Assignment 2
UCR - CS 172 –Spring 2024
Instructions: Submit in Canvas by 5/18. This is individual assignment.
Exercise A
1. Compute the first 1 iteration of PageRank scores (d=0.7) of each node in the graph below. Show your work.
2. Write a program (e.g., in Java) to compute the final scores of the nodes and the number of iterations needed to converge, if we use convergence constant epsilon=0.001.

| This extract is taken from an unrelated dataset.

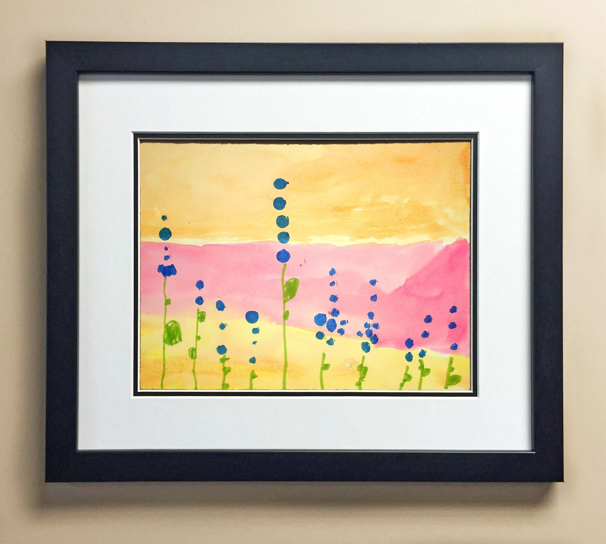 Included with the purchase is the Students Artwork, Frame, double matboard, shatter proof plexiglass, and a ready to hang backerboard with turnbuttons
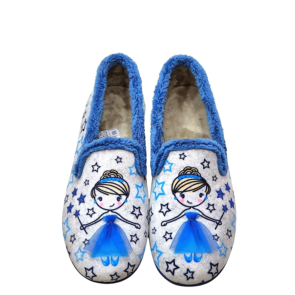 Estampado: El diseño principal destaca por la presencia de dos simpáticas niñas vestidas con trajes de princesa, cada una sosteniendo una varita mágica. Estas figuras están rodeadas de estrellas brillantes, lo que añade un toque mágico y lúdico al calzado.

3. If we use personalized PageRank with nodes 1 and 2 in the base set, write the first iteration of the PageRank formulas.
Exercise B
Show how MapReduce can be used to efficiently solve the following problem:
Given a collection C of input documents, output all words with more than 8 characters that appear in more than 2 documents.
For example, if input documents are:
D1: hi there incredible
D2: hi incredible play application
D3: it is incredible
the output will be: "incredible"
Write pseudocode for map and reduce functions.
Full points will be given to efficient solutions.
Exercise C
Consider query Q that has a total of 6 relevant results in the collection, and a search engine that returns results:
r r x x r x x x r, where x is a relevant result and r is not relevant.
1. Compute Precision-at-4, Recall-at-4, F1-at-4, Average Precision, and DCG-at-4 (assuming relevant results have score 1 and non-relevant 0).
2. Mention an application where higher precision is more important than higher recall and one for the opposite.